25 Enquanto isso, o filho mais velho estivera trabalhando no campo. No caminho de volta para casa, ele ouviu música e viu pessoas dançando.
25 Ora, o seu filho mais velho estava no campo; e quando voltava, ao aproximar-se de casa, ouviu a música e as danças;
26 Então, ele chamou um dos empregados e perguntou o que estava acontecendo.
26 e chegando um dos servos, perguntou-lhe que era aquilo.
27 O empregado respondeu: ‘O seu irmão está de volta, e o seu pai mandou matar o bezerro gordo, pois ele voltou para casa seguro e com saúde.’
27 Respondeu-lhe este: Chegou teu irmão; e teu pai matou o bezerro cevado, porque o recebeu são e salvo.
28 O irmão mais velho ficou furioso. Ele se recusou a entrar em casa. Então, seu pai saiu para insistir com ele para que entrasse.
28 Mas ele se indignou e não queria entrar. Saiu então o pai e instava com ele.
29 Ele disse a seu pai: ‘Veja! Todos esses anos eu trabalhei para você.
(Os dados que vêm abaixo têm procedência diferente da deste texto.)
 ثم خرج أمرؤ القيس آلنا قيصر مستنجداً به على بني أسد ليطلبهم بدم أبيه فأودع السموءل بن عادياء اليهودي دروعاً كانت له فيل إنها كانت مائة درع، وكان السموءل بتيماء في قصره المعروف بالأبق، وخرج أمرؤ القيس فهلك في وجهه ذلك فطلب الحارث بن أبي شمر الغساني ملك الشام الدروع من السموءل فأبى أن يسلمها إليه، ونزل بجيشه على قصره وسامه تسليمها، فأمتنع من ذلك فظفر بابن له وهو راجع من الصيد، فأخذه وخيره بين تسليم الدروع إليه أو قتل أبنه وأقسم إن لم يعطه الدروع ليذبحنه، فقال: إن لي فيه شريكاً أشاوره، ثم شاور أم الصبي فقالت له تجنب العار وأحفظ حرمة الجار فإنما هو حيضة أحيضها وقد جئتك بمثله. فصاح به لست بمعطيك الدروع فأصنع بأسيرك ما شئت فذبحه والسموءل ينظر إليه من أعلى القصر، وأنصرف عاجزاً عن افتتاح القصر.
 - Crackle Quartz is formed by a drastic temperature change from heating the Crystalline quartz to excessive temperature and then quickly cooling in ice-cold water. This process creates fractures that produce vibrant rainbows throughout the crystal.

Eu nunca desobedeci a uma ordem sua, mas o senhor nunca me deu nem mesmo um cabrito, para que eu festejasse com os meus amigos.
29 Ele, porém, respondeu ao pai: Eis que há tantos anos te sirvo, e nunca transgredi um mandamento teu; contudo nunca me deste um cabrito para eu me regozijar com meus amigos;
30 Agora, esse seu filho volta, depois de ter gastado todo o seu dinheiro com prostitutas, e você mata o bezerro gordo para ele!’
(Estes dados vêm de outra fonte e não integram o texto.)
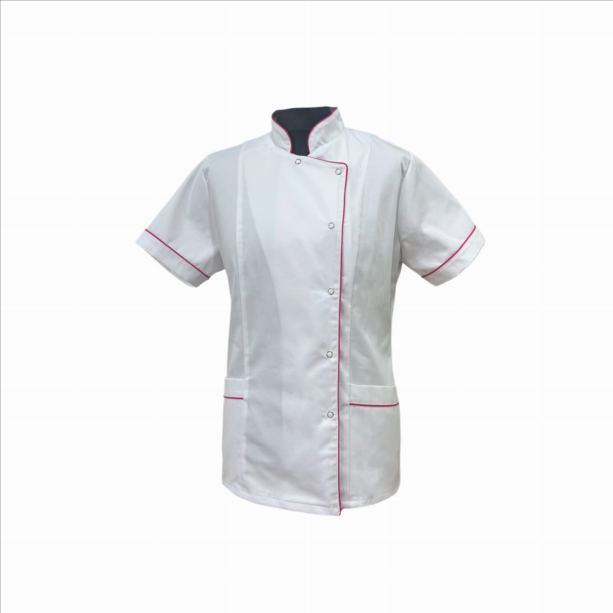 Stworzona z myślą o profesjonalistkach w kuchni, damska bluza kucharska łączy wygodę, trwałość oraz stylowy, kobiecy krój. Idealna dla szefowych kuchni, kucharek, cukierniczek i uczennic szkół gastronomicznych, które cenią sobie komfort pracy i nienaganny wygląd.
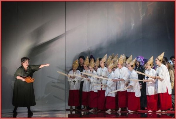 Berthe greift sich dann beide, hüllt sich gewissermaßen in sie ein und singt dazu ihre Arie. Ein Bild von wahrhaft bestechender Aussagekraft. Noch archetypischer ist die Idee, der hausmütterlich gekleideten Fidès (für die Kostüme ist ebenfalls Herr Boussard verantwortlich) ein Handtäschchen aufzuzwingen, welche sie von Anfang zu tragen hat und auch bei ihrer Szene „O prêtres de Baal“ nicht ablegt. Für die Sängerin eine inszenatorische Zumutung.
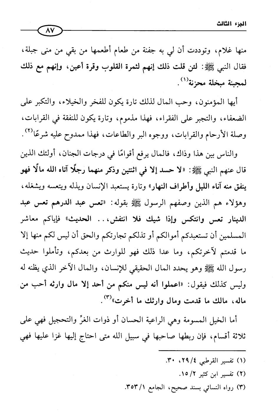 أيها المؤمنون، وحب المال لذلك تارة يكون للفخر والخيلاء، والتكبر على الضعفاء، والتجبر على الفقراء، فهذا مذموم، وتارة يكون للنفقة في القرابات، وصلة الأرحام والقرابات، ووجوه البر والطاعات، فهذا ممدوح عليه شرعًا (¬2).
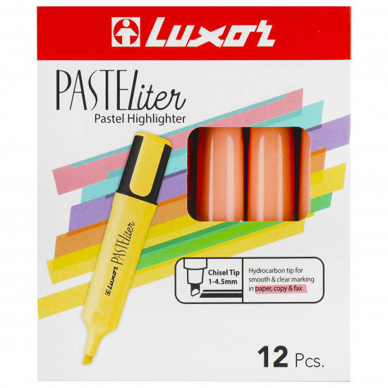 Marker text LUXOR PASTEL, de culoare portocaliu, pe baza de apa. Grosimea liniei de scris 1-4,5 mm, varf tesit. Capac cu clema. Markerul este ideal pentru toate tipurile de hartie. Cantitate in cutie: 12 bucati.

30 vindo, porém, este teu filho, que desperdiçou os teus bens com as meretrizes, mataste-lhe o bezerro cevado.
31 O pai respondeu; ‘Meu filho, você está sempre ao meu lado. Tudo o que eu tenho é seu.
31 Replicou-lhe o pai: Filho, tu sempre estás comigo, e tudo o que é meu é teu;
32 Mas, nós devemos ficar felizes e comemorar. Pois este é o seu irmão que estava morto, mas que voltou vivo. Ele estava perdido, mas foi encontrado!’”
32 era justo, porém, regozijarmo-nos e alegramo-nos, porque este teu irmão estava morto, e reviveu; tinha-se perdido, e foi achado.